A single execution of the mif2
function applied to model provides a snapshot of the model’s behavior under a specific set of initial conditions.
## est se
## -288.64760 30.88034
The estimated log-likelihood is -205 with standard error of 3.14.
Iterated Filtering (IF2) is implemented by a foreach
loop which iterates 20 times, and in each iteration of the loop the IF2 function is applied to our model. This is a good way to explore the variability in outcomes due to initial conditions and other stochastic elements of the modeling process as well as to control the robustness. The variation in trajectories across the iterations suggests that the algorithm is exploring the parameter space and adjusting the estimates as it receives more information from the data.
It estimated log likelihood of -134 which is larger than a single execution of mif2
function, but with a larger standard error of 8.2.
From the above plot, the likelihood over iterations quickly rises and then levels off. Towards the later iterations, the changes in parameter estimates become smaller, indicating that the search for the maximum likelihood is flattening out. This can be a sign that the search is approaching a local maximum, but the fact that the changes are small but not zero implies that there might still be some uncertainty. But not all parameters show signs of convergence, such as \(log(B_0), \sigma_F\).
We find that the higher likelihood is usually associated with lower values of \(\alpha, \gamma, log(\rho), \sigma_{obs}\). \(log(F_0), log(B_0)\), the initial conditions for Fox population and birds population in log scale, shows a general upward trend over iterations. \(a, b, c, \sigma_F, \sigma_B\) shows a general flat trend near zero except for a few iterations with a dramatically increasing trend.
A scattered or cloud-like pattern indicates little to no apparent linear correlation.

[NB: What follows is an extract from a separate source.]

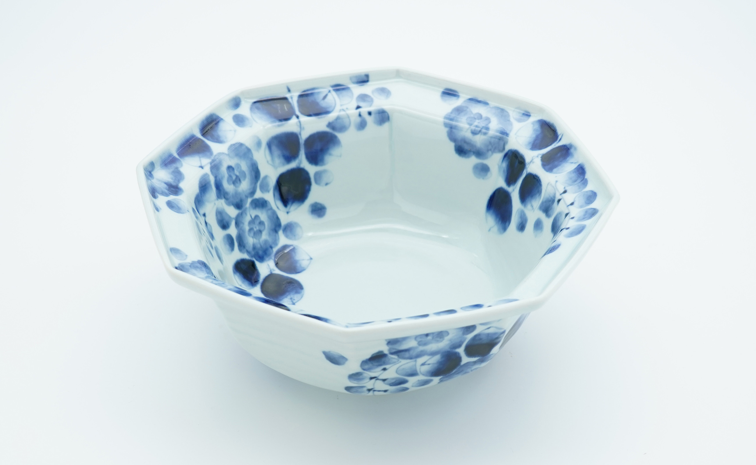 ロクロで丸く挽いた後、まだ柔らかいうちに内型にかぶせて八角に成形します。 辻が花の絵柄は染の技法(辻が花)からインスピレーション受けています。 濃(ダミ)と言われる色の塗りつぶし作業には、ぼかしという技法を取り入れグラデーションを付けています。 盛鉢として使えば食卓の華になれる器です。 作家:山口洋一

The best estimated log likelihood under global search by the use of GreatLakes is -176.3, which is a lower than the log likelihood from ARIMA (log-likelihood with -99) and local search(log-likelihood with -134). It is opposite to our expectation. One of the reasons is that we limit the parameter space to save the running time on Great Lakes, otherwise it will take more than 8 hours to run given the fact that our model is built with a large number of parameters. The accuracy will be increased if we increase the parameter space.

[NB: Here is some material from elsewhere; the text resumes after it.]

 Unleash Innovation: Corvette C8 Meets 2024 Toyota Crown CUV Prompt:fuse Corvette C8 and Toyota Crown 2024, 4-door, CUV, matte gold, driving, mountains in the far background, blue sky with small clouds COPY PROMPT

As a result, he log-likelihood produced an ARIMA(0,1,5) model is better than that from a local search of a POMP model, it implies that the ARMA model is fitting the data better according to this metric.

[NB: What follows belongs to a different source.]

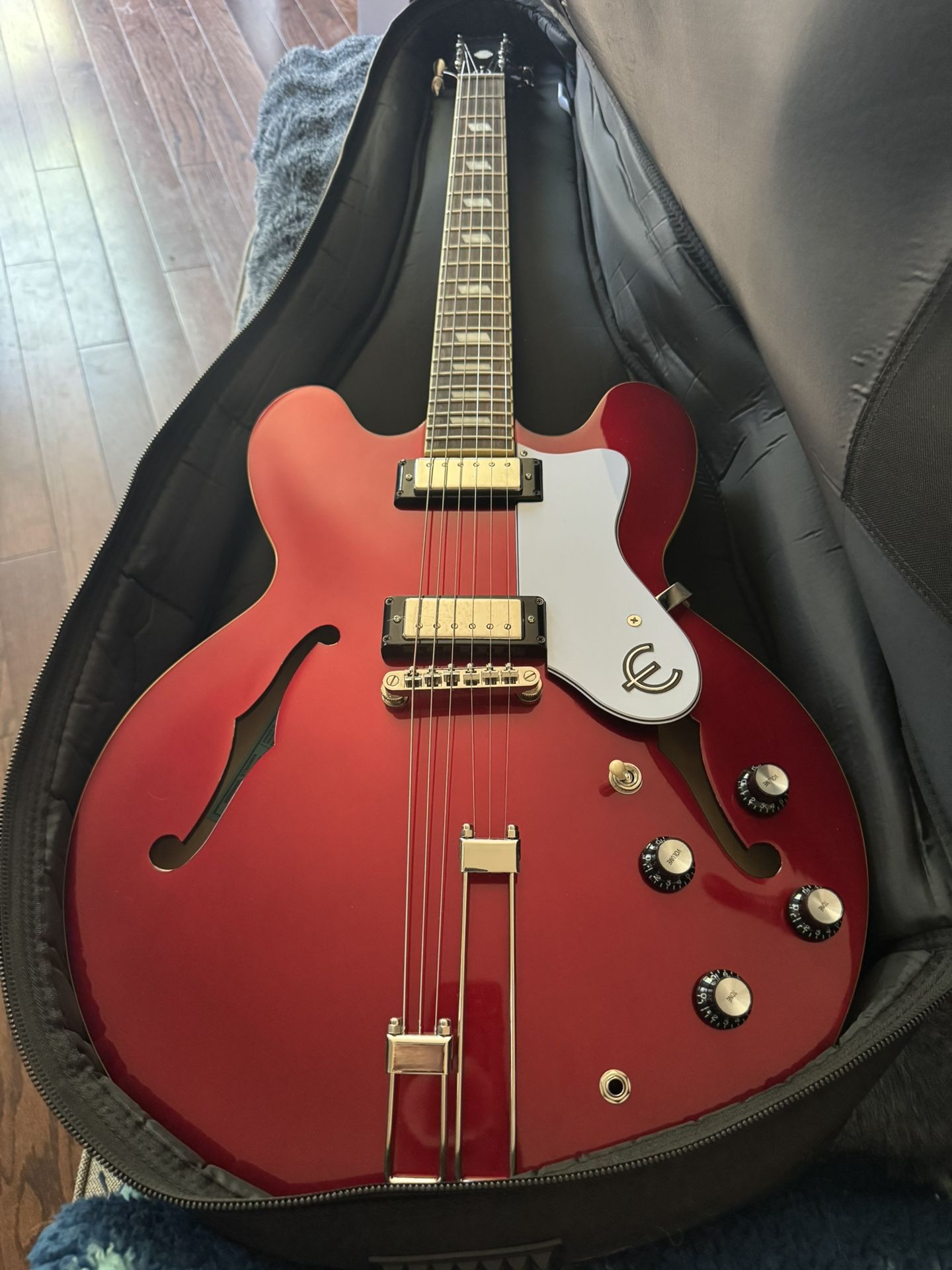 Used, Excellent condition with gig bag From manufacturer: The Epiphone Riviera, one of Epiphone’s original, most enduring classics makes a comeback! First introduced in the early ‘60s, the Epiphone Riviera’s semi-hollow design has been a favorite of players from all genres and generations including blues greats Robben Ford and Otis Rush, Lou Reed of the Velvet Underground, and The Strokes’ Nick Valensi, who have all found that the Riviera’s legendary ES™ body shape can produce great tones with any pickup variation. This Riviera features a layered maple top back and sides, a 3-layer pickguard with the classic metal Epiphone “E”, and comes equipped with Epiphone's LockTone™ Tune-O-Matic™ adjustable bridge and Frequensator tailpiece.

Our report probes the potential of applying POMP to the field of ecological population dynamics. It ends with ARIMA(0,1,5) produces the highest log-likelihood with -99. We began with the establishment of a foundational ARMA model to serve as a reference point against which we evaluated our proposed POMP models. Drawing inspiration from the Lotka-Voltera equations, we introduce our take on the concept of an alternative prey hypothesis. Although our analysis is on the side of preliminary, it shows this approach can shed more light on the dynamic responses of ecosystems to changes in prey abundance.